In python, what is the difference between the array nums[:] and nums?

 

There is a problem in leetcode. The topic is:

Given an array nums and a value val, you need to remove all elements whose value is equal to val in place, and return the new length of the removed array.

Don't use extra array space, you have to use only O(1) extra space and modify the input array in-place.

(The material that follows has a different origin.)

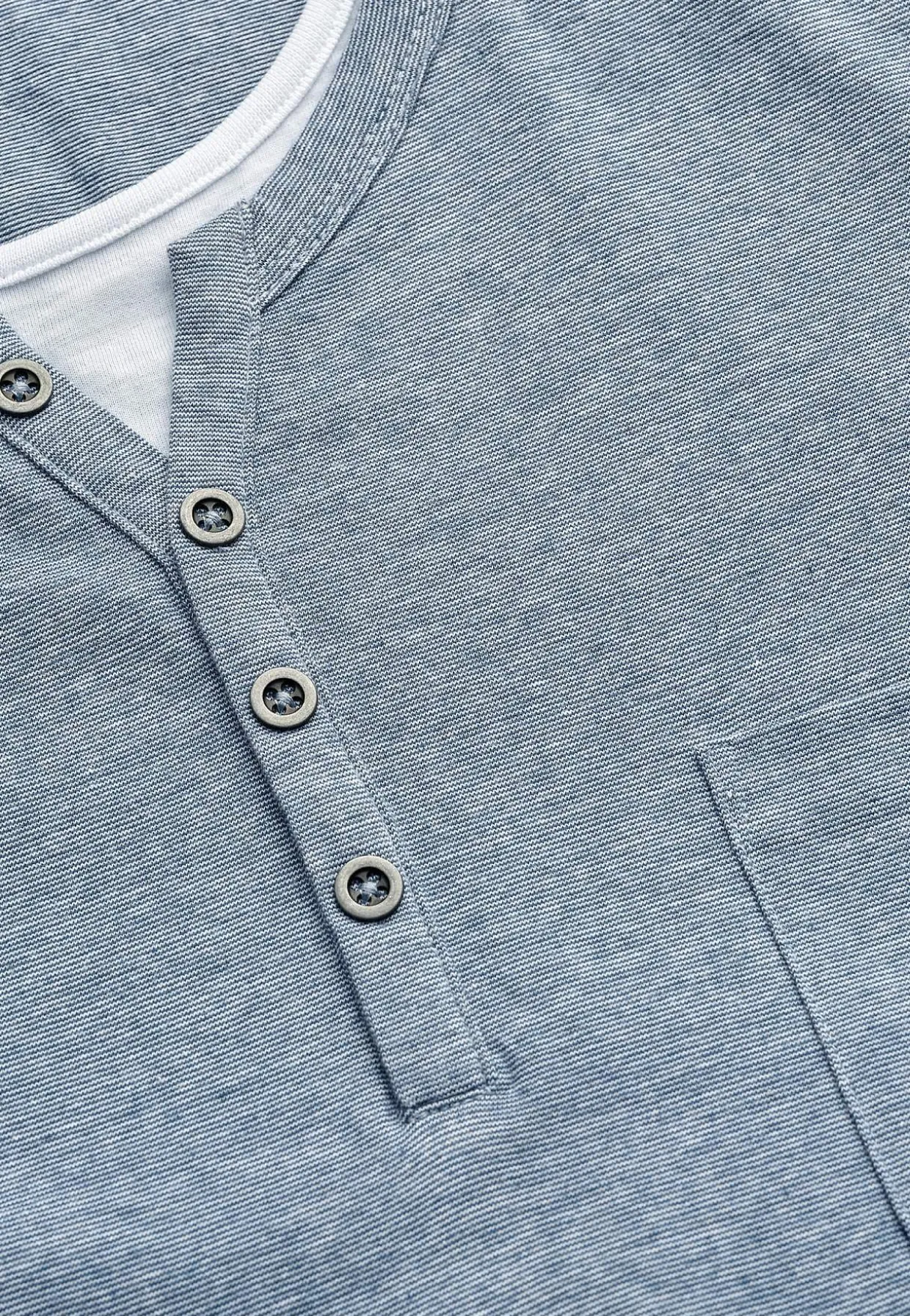 • Rund halsudskæring med lille v-udskæring og en falsk knapåbning.

The order of elements can be changed. You don't need to consider elements in the array beyond the new length.

error code:

class Solution:
    def removeElement(self, nums: List[int], val: int) -> int:
        for i in nums:
            print('----', i)
            if i == val:
                nums.remove(val)
                print(len(nums),nums)
        print(nums)
        return len(nums)

Correct code:

class Solution:
    def removeElement(self, nums: List[int], val: int) -> int:
        for i in nums[:]:
            print('----', i)
            if i == val:
                nums.remove(val)
                print(len(nums),nums)
        print(nums)
        return len(nums)

As can be seen from the above, there is a difference between them [:]

But executing it alone:

    for i in nums[:]:
        print('i',i)
    for ii in nums:
        print('ii',ii)

The output results are the same, why?

In Python, nums a list object. nums[:] Indicates that the slice operation is performed on this list, and the result of the slice operation is to return a new list object, which contains all the elements in the original list.

Although  nums and  nums[:] look similar, there is one important difference between them. When you  nums assign to a variable, that variable is really just a reference to the original list object, so any changes to that variable will be reflected on the original list object. For example:

nums = [1, 2, 3]
new_nums = nums

new_nums[0] = 0

print(nums)  # 输出 [0, 2, 3]

However, if you  nums[:] create a new list object with , any changes to the new list object will not affect the original list object. For example:

nums = [1, 2, 3]
new_nums = nums[:]

new_nums[0] = 0

print(nums)  # 输出 [1, 2, 3]

In this example, we  nums[:] created a new list object  with new_numsand assigned it to a variable  new_nums. Then we modified  new_nums the first element in , but the original list  nums was not modified.

So the difference between nums and  nums[:] is that the former is a reference to the original list object, while the latter is a new, independent list object.

This can explain the solution to the leetcode problem listed above. In fact, the slice is to generate a new copy. instead of quoting.